§ **WORK REQUEST**
Exactly the lines below starting at the line with "減壓閥的流量是應(yīng)" and ending at the line with "New Worlds (#168), original" are wanted, with both ends included. Leave out the pictures and add no other lines.

START INPUT RECORDS

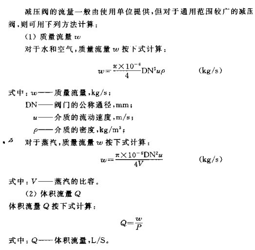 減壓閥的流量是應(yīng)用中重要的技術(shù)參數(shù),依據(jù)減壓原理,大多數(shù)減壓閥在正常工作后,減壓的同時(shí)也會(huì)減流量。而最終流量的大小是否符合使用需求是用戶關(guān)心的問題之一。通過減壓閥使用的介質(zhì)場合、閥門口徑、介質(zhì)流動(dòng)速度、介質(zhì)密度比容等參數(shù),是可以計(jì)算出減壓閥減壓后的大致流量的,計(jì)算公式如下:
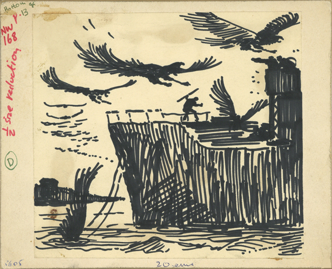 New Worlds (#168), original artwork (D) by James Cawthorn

END INPUT RECORDS
START INPUT RECORDS

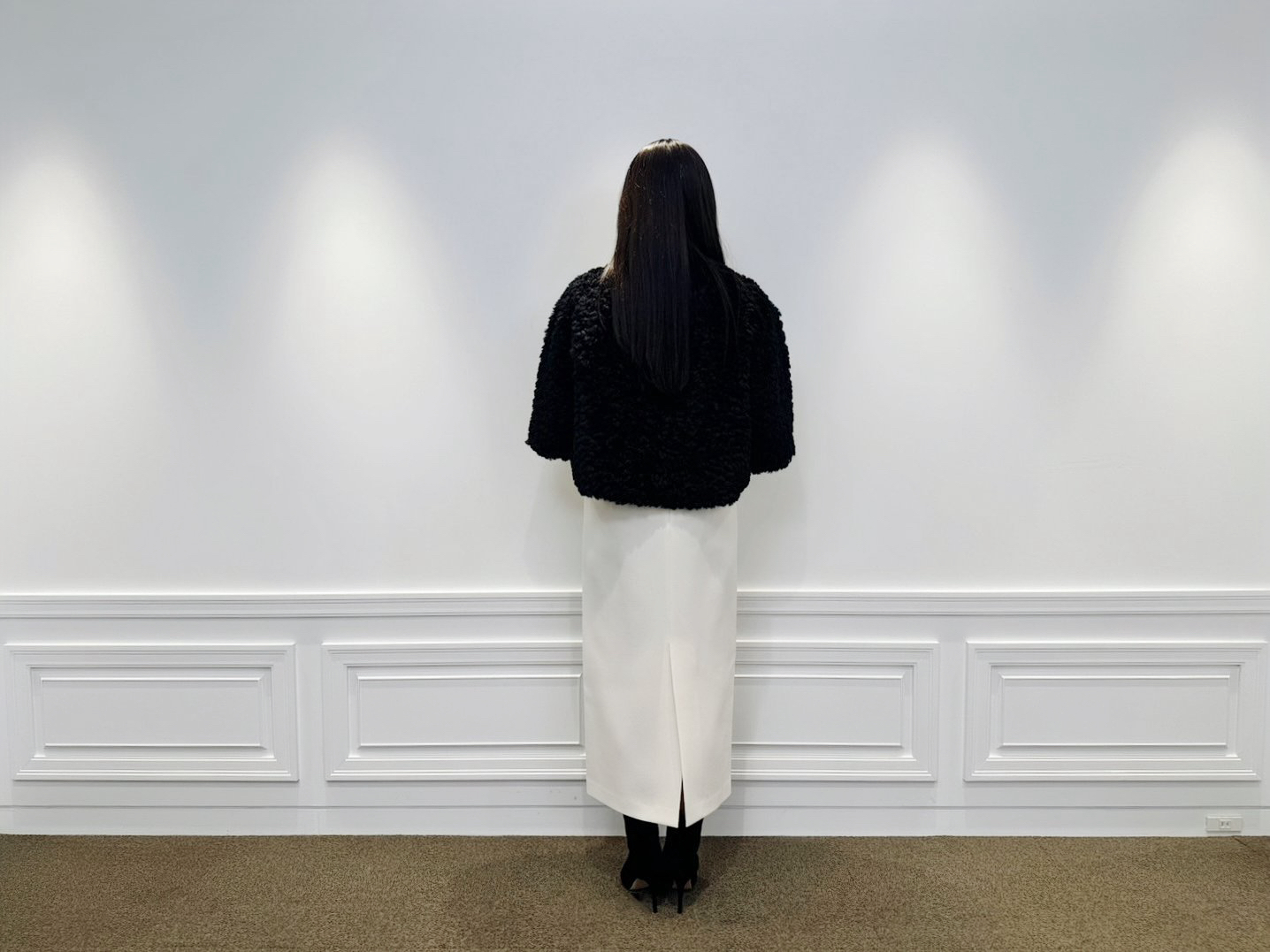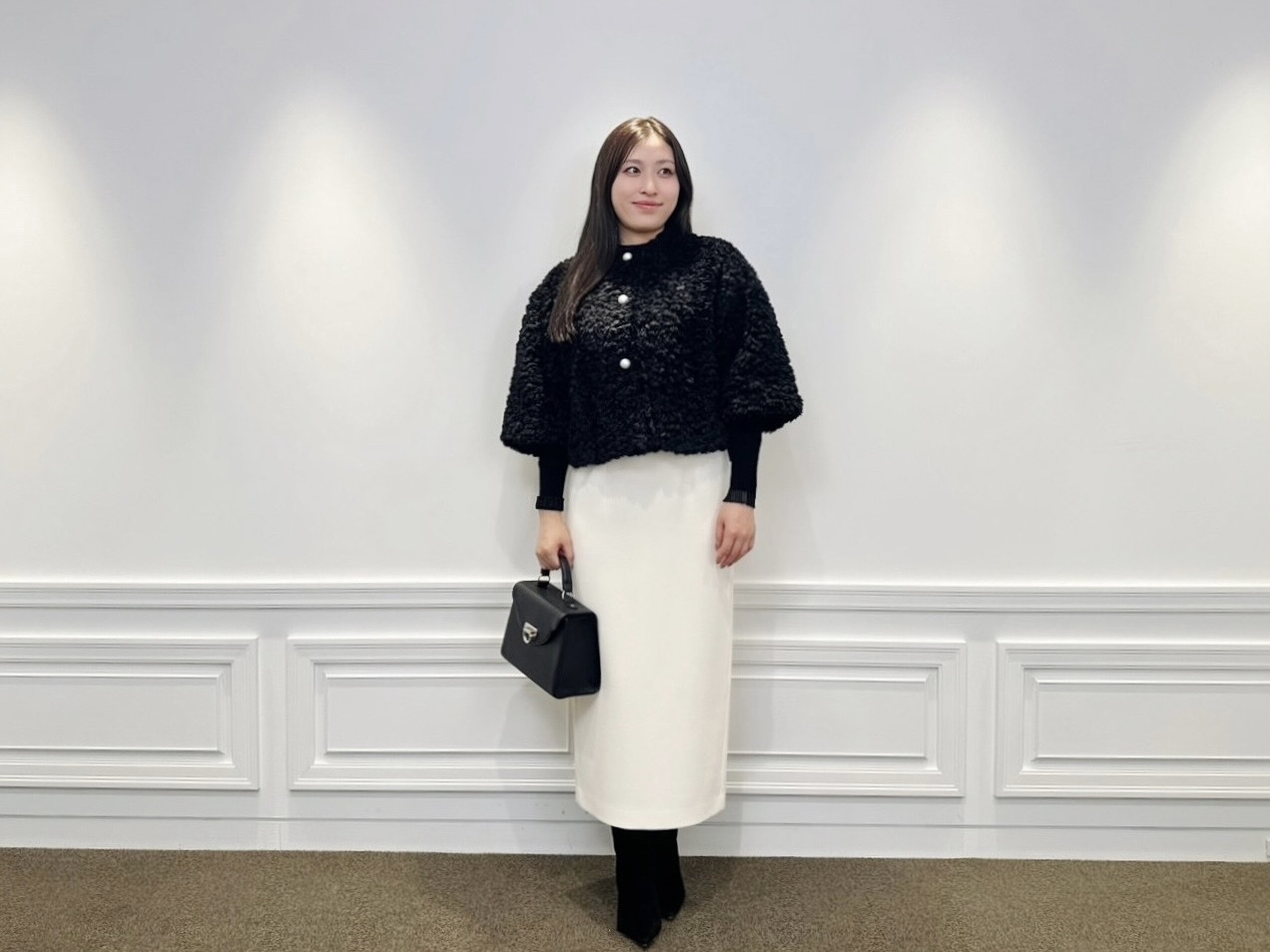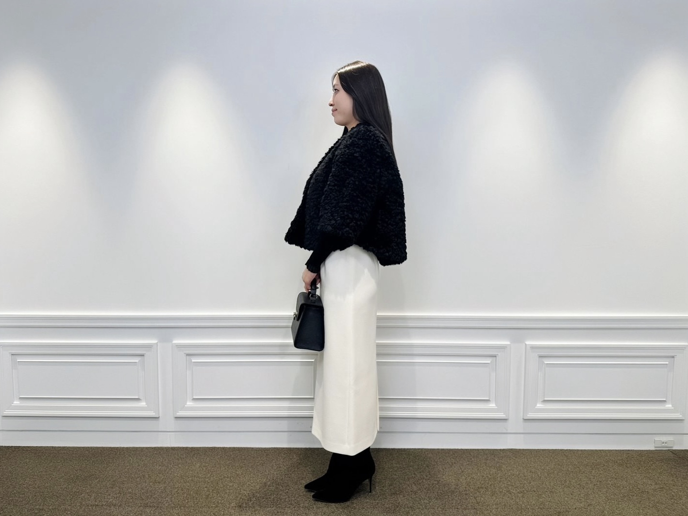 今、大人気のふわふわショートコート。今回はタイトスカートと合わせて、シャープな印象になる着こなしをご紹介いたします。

END INPUT RECORDS

§ **WRITTEN RESPONSE**
 減壓閥的流量是應(yīng)用中重要的技術(shù)參數(shù),依據(jù)減壓原理,大多數(shù)減壓閥在正常工作后,減壓的同時(shí)也會(huì)減流量。而最終流量的大小是否符合使用需求是用戶關(guān)心的問題之一。通過減壓閥使用的介質(zhì)場合、閥門口徑、介質(zhì)流動(dòng)速度、介質(zhì)密度比容等參數(shù),是可以計(jì)算出減壓閥減壓后的大致流量的,計(jì)算公式如下:
 New Worlds (#168), original artwork (D) by James Cawthorn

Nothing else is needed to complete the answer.